Source material:
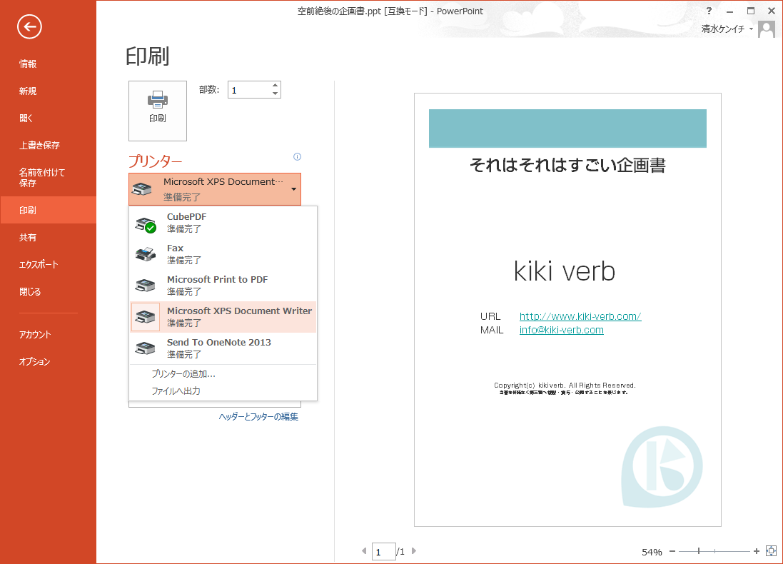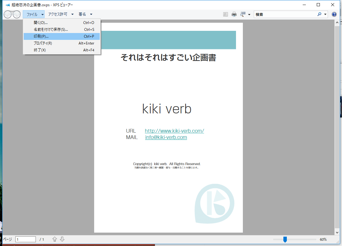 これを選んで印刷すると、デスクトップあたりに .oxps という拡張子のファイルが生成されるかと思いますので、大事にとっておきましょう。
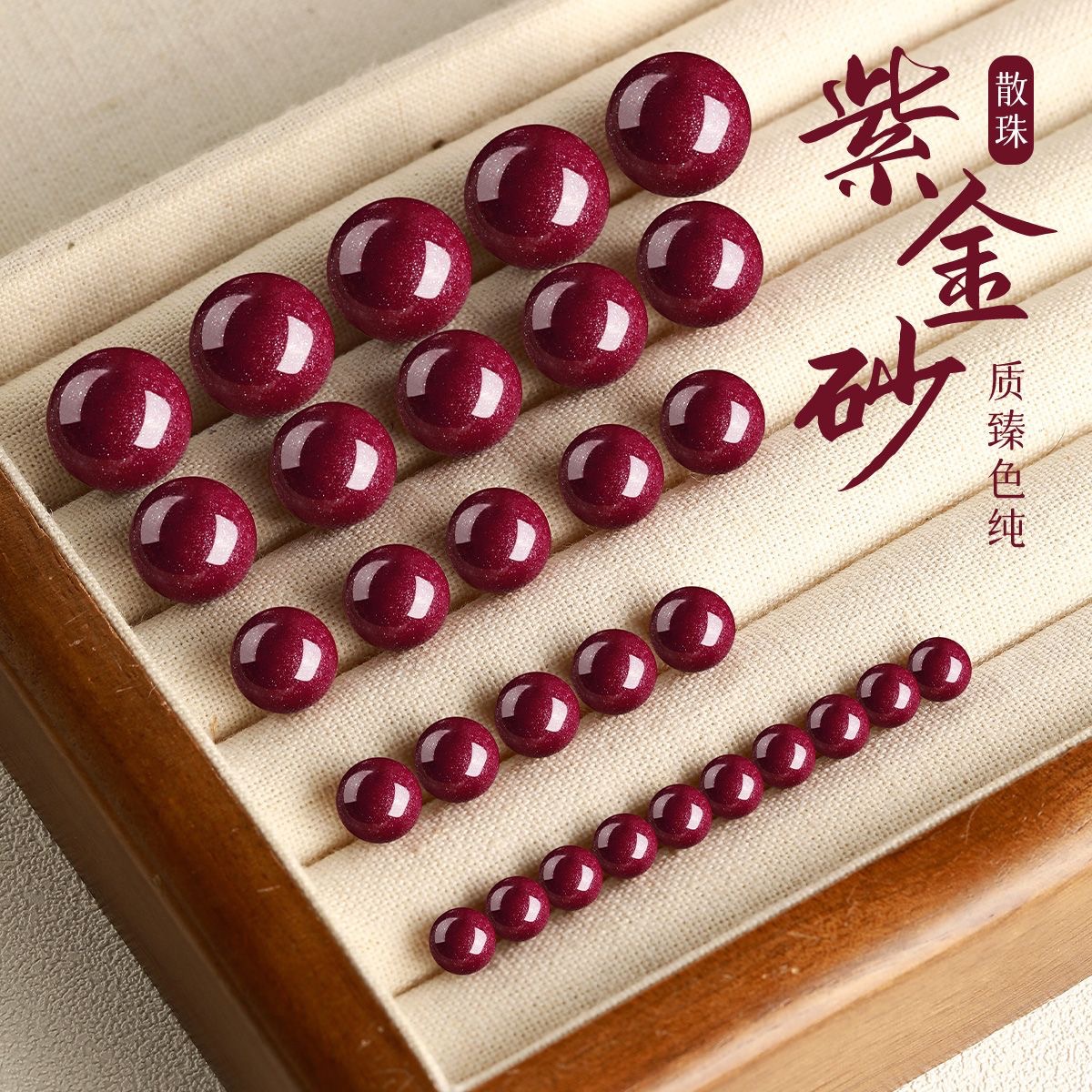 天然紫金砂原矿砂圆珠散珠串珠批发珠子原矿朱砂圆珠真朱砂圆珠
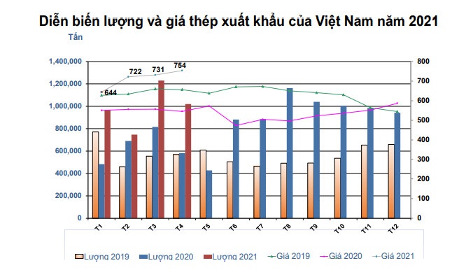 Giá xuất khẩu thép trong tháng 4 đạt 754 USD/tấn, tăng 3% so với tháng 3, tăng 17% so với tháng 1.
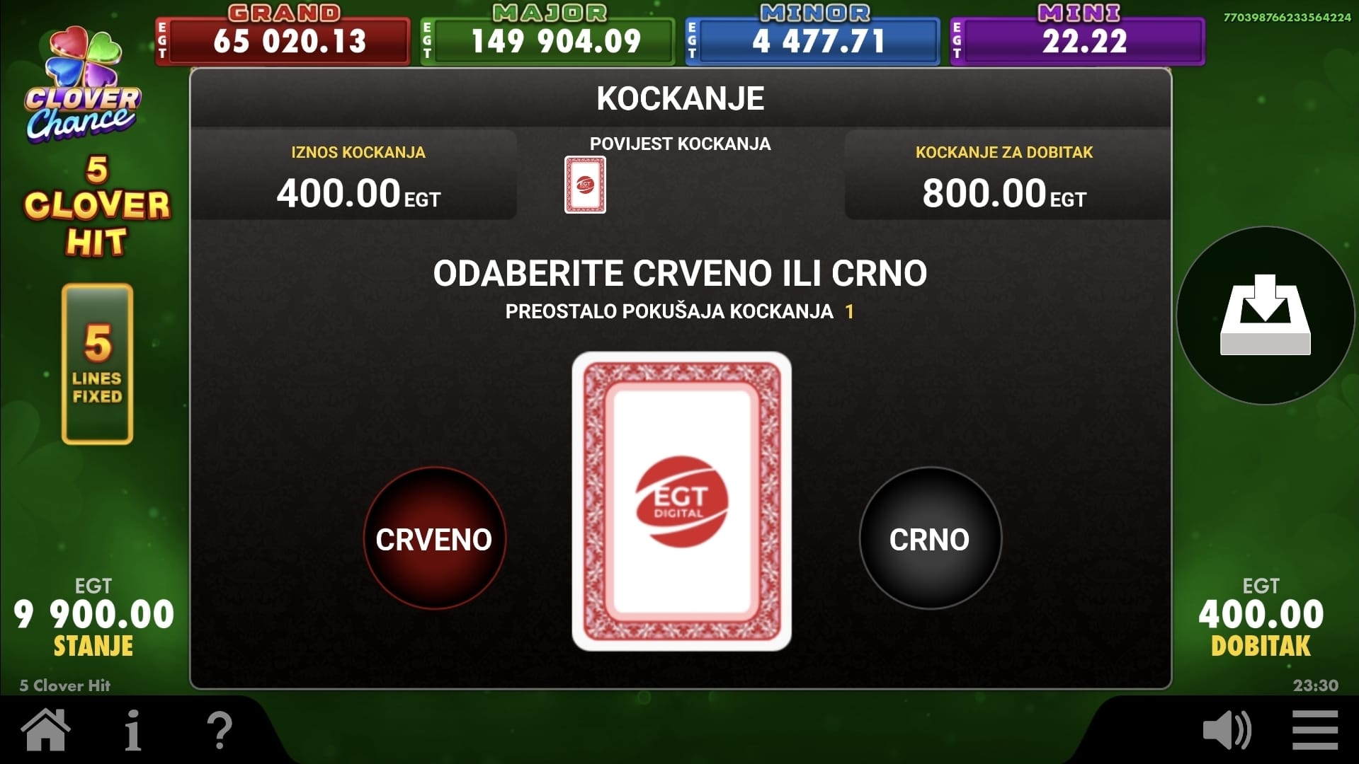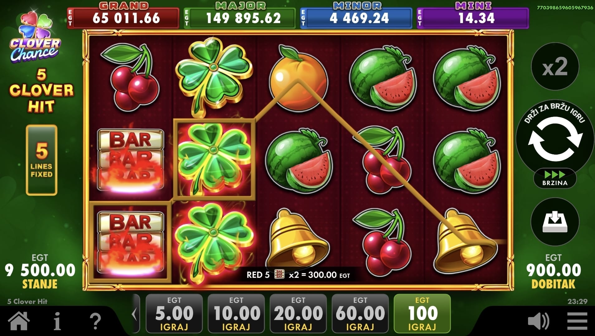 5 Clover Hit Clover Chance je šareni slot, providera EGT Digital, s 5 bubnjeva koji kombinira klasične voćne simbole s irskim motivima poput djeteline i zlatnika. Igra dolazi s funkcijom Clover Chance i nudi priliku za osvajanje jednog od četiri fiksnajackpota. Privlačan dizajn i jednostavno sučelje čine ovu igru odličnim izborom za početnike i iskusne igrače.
==
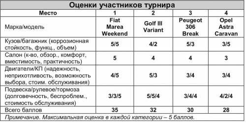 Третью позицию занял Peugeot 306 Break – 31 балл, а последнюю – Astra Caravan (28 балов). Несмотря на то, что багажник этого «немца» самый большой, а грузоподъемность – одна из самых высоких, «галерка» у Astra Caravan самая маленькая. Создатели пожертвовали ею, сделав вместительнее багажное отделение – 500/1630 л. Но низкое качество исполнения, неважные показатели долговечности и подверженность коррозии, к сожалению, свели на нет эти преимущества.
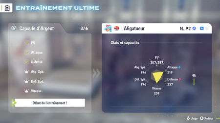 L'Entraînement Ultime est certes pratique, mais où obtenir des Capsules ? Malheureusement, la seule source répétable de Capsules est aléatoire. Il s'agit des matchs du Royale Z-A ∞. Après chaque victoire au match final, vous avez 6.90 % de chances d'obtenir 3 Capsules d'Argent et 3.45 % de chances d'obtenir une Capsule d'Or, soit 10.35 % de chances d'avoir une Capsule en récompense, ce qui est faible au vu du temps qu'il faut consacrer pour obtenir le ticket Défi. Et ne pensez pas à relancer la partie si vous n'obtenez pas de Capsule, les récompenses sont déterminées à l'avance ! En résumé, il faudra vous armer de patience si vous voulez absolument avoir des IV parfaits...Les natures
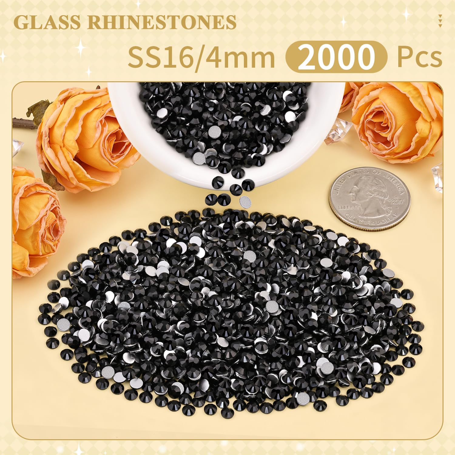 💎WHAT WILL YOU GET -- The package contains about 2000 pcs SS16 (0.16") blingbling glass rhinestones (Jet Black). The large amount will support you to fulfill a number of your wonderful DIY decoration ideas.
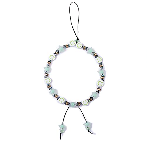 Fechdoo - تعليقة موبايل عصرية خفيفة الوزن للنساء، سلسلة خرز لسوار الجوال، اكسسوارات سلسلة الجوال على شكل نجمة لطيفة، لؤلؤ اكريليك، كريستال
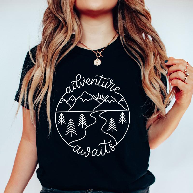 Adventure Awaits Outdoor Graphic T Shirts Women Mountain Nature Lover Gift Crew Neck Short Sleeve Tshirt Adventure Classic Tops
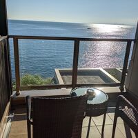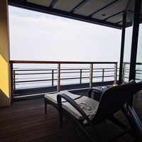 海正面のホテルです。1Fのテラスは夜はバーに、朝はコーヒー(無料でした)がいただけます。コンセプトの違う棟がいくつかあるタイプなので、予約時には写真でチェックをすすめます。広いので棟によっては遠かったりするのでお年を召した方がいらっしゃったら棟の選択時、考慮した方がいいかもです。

What you will do:
In the records above, find the line with "Adventure Awaits Outdoor" and the line with "海正面のホテルです。1Fのテ"; please transcribe exactly those two lines and all lines between them, omitting any picture.

Output below:
 Adventure Awaits Outdoor Graphic T Shirts Women Mountain Nature Lover Gift Crew Neck Short Sleeve Tshirt Adventure Classic Tops
 海正面のホテルです。1Fのテラスは夜はバーに、朝はコーヒー(無料でした)がいただけます。コンセプトの違う棟がいくつかあるタイプなので、予約時には写真でチェックをすすめます。広いので棟によっては遠かったりするのでお年を召した方がいらっしゃったら棟の選択時、考慮した方がいいかもです。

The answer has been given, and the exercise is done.